As inflation spikes, the administration and its congressional allies have accused an ever-expanding list of industries of anti-competitive behavior: meat processorsgas producers, even grocery stores. Now the alcohol sector is in the crosshairs.

In a lengthy new report, the Treasury Department calls for enhanced scrutiny of mergers between alcohol makers and for more aggressive crackdowns on anticompetitive behavior—in an industry overflowing with healthy competition.

While Treasury’s report does raise some legitimate concerns about anticompetitive trends in the wholesaling tier of alcohol, it fails to make the case that alcohol has a far-reaching antitrust problem requiring federal intervention. In fact, officials at Treasury call the alcohol sector a “flourishing” industry that is “unusual in a contemporary U.S. economy where many markets are dominated by a few, national brands.”

The report reads like an exercise in bureaucratic dissonance. First it notes that America’s two largest brewers, Anheuser-Busch and Molson Coors, account for 65 percent of the beer market nationwide. Then two paragraphs later, it admits that the number of breweries in America grew from less than 100 in 1983 to 6,406 by 2020. If the administration thinks enhanced antitrust scrutiny is necessary in an industry with 6,000 new market entrants, it’s hard to imagine what industry would be spared.

Thanks to the craft beer boom, the large brewers’ market share has decreased by 5 percent since 2010. Treasury understatedly alludes to this, noting that the trend toward premium and super-premium beers—which are predominantly made by craft breweries—has “challenged” Anheuser-Busch and Molson Coors in recent years.

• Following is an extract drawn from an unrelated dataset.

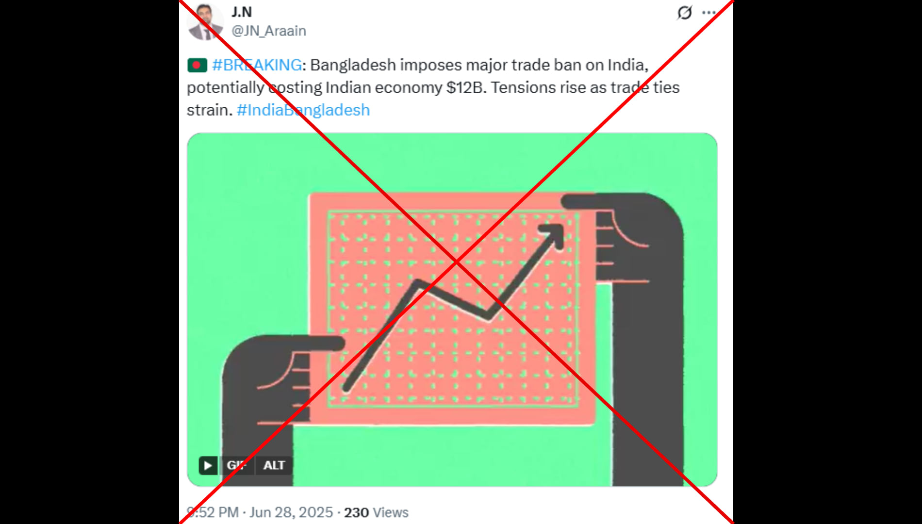 जेएन (@JN_Araain) नाम के एक्स यूजर ने लिखा “ब्रेकिंग बांग्लादेश ने भारत पर बड़ा व्यापार प्रतिबंध लगाया है, जिससे भारतीय अर्थव्यवस्था को 12 बिलियन डॉलर का नुकसान हो सकता है। व्यापार संबंधों में तनाव बढ़ा है।” पोस्ट का लिंक आप यहां और आर्काइव लिंक यहां देख सकते हैं।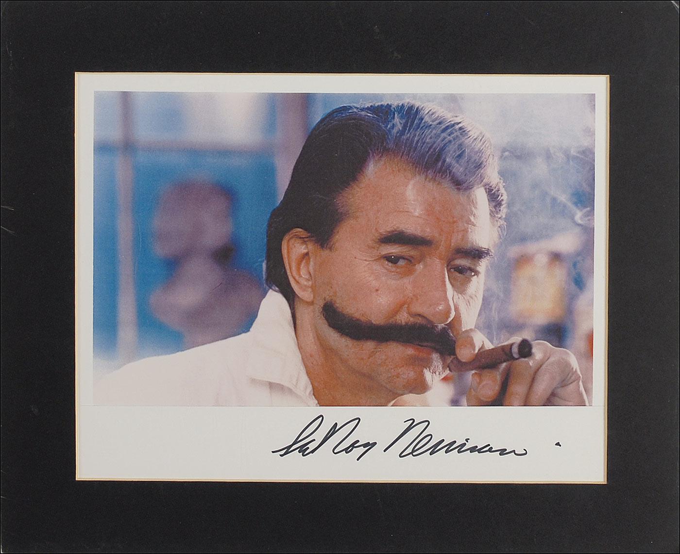 Color matte-finish 9.75 x 7.5 photo of the artist smoking a cigar, boldly signed in black felt tip. Matted to an overall size of 12.75 x 10.5 and sealed in plastic as originally sold. In fine condition. Accompanied by a certificate of authenticity from the International Boxing Hall of Fame.

The report also argues that the higher the market share a single alcohol maker possesses, the greater temptation it will have to increase prices. It neglects to mention that over the past several decades, beer prices have increased significantly less than the Consumer Price Index.

The report is also concerned that large macrobreweries will increase their market dominance by buying independent microbreweries. The report speculates that these big brewing conglomerates could exert undue pressure on alcohol wholesalers and retailers to carry their products, thereby gobbling up grocery store shelf space that is reserved for microbrews.

To the extent craft alcohol makers face market access issues, however, it’s most often because of competition issues at the wholesaling tier of alcohol, not because of large brewers buying smaller ones. That’s because nearly every state in America has a three-tier system for alcohol, requiring alcohol producers, wholesalers, and retailers to all be legally separate entities. Alcohol producers are largely barred from selling their products directly to retailers or consumers, forcing them to go through wholesalers.

These state laws insulate alcohol wholesalers from competition by giving them a government-mandated middleman role in the supply chain. Many state governments make the problem worse with stringent franchise laws and exclusive territory rules that grant specific wholesalers de facto monopoly sales rights over certain brands in many regions. Unlike alcohol producers, wholesalers are rapidly consolidating. As a result, small craft alcohol makers often find themselves locked out of many markets.

But the Treasury fails to identify the right fix for this problem. Small alcohol producers would benefit most not from more federal scrutiny of brewery mergers but from state-level reforms that overhaul the three-tier system. Most notably: If more states allowed brewers and distillers to ship their products directly to consumers, craft beverage makers could circumvent potentially collusive wholesalers that prioritize macro beers over micros.

Although Treasury speaks favorably at points in the report about direct-to-consumer shipping for alcohol, it ultimately stops short of endorsing it, noting that the “balancing of public policy values is best addressed by a democratically-elected legislature.” That’s a fair point. The agency should heed its own advice.